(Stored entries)
-- Opening Marker --

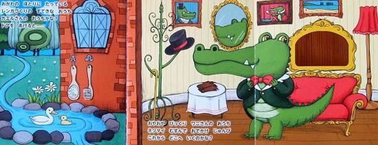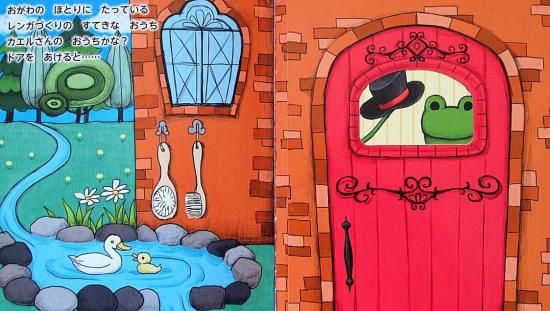 まどからのぞくと、カエルさん、でも、ドアをあけると・・・あれ?あれれ?
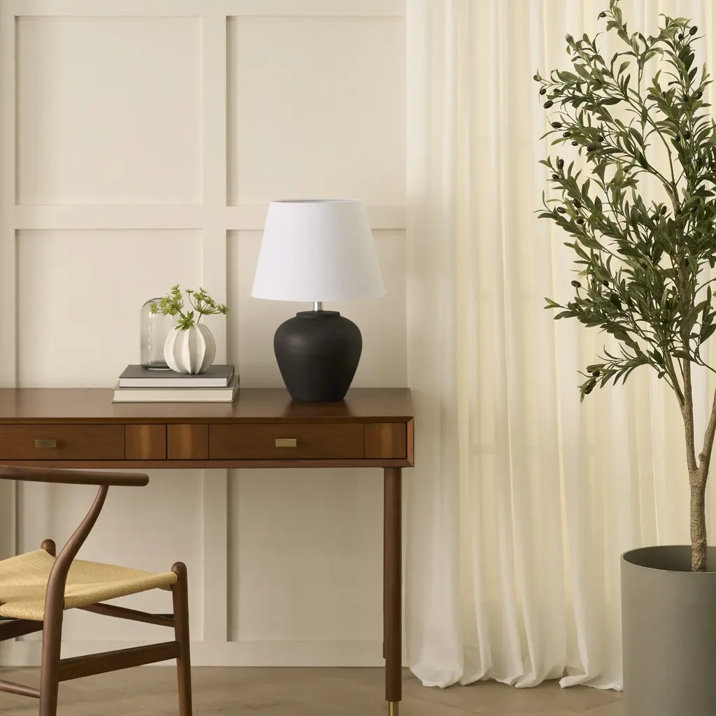 Nourison 20" Rustic Ceramic Pot Table Lamp - Black
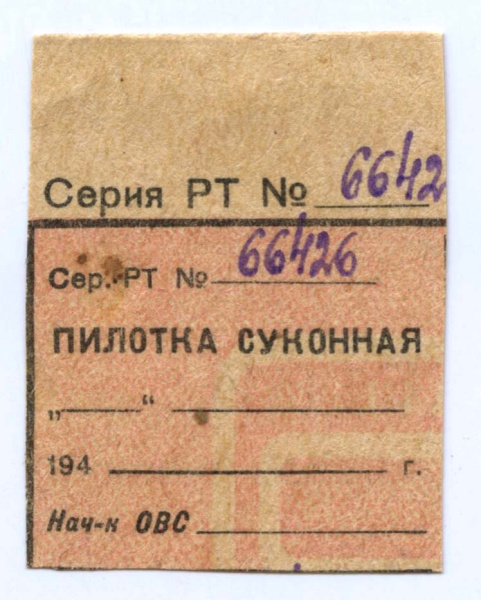 Талон на получение военного имущества — Пилотка суконная 1945 (СССР)
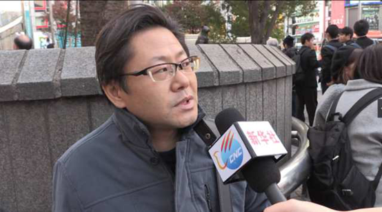 图为一位日本民众接受采访。
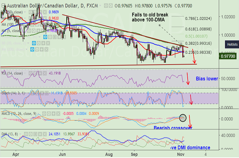Resistance levels - 0.9809 (50-DMA), 0.9820 (20-DMA), 0.9829 (5-DMA), 0.9833 (23.6% Fib retracement of 1.0345 to 0.9675 fall)
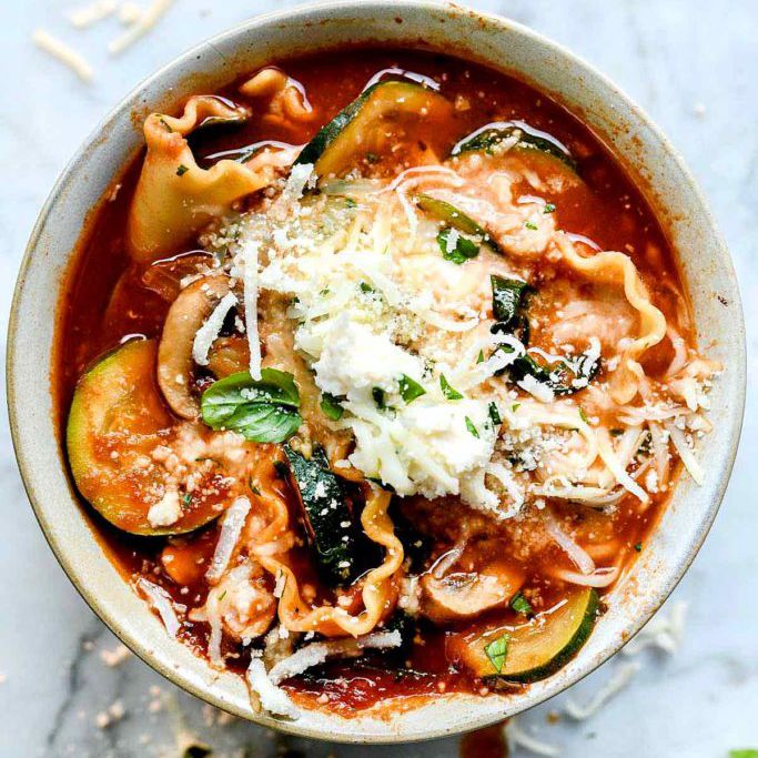 英雄的成分:这道丰盛的千层面汤的配方中充满了健康的蔬菜,一旦一起烘烤,就会成为一道美味的混合菜,但真正能让你征服它的是第一口意大利乳清干酪。

-- Closing Marker --

=== Task goal ===
In your copy, include no pictures, but reproduce all records exactly.

=== Answer section ===
 まどからのぞくと、カエルさん、でも、ドアをあけると・・・あれ?あれれ?
 Nourison 20" Rustic Ceramic Pot Table Lamp - Black
 Талон на получение военного имущества — Пилотка суконная 1945 (СССР)
 图为一位日本民众接受采访。
Resistance levels - 0.9809 (50-DMA), 0.9820 (20-DMA), 0.9829 (5-DMA), 0.9833 (23.6% Fib retracement of 1.0345 to 0.9675 fall)
 英雄的成分:这道丰盛的千层面汤的配方中充满了健康的蔬菜,一旦一起烘烤,就会成为一道美味的混合菜,但真正能让你征服它的是第一口意大利乳清干酪。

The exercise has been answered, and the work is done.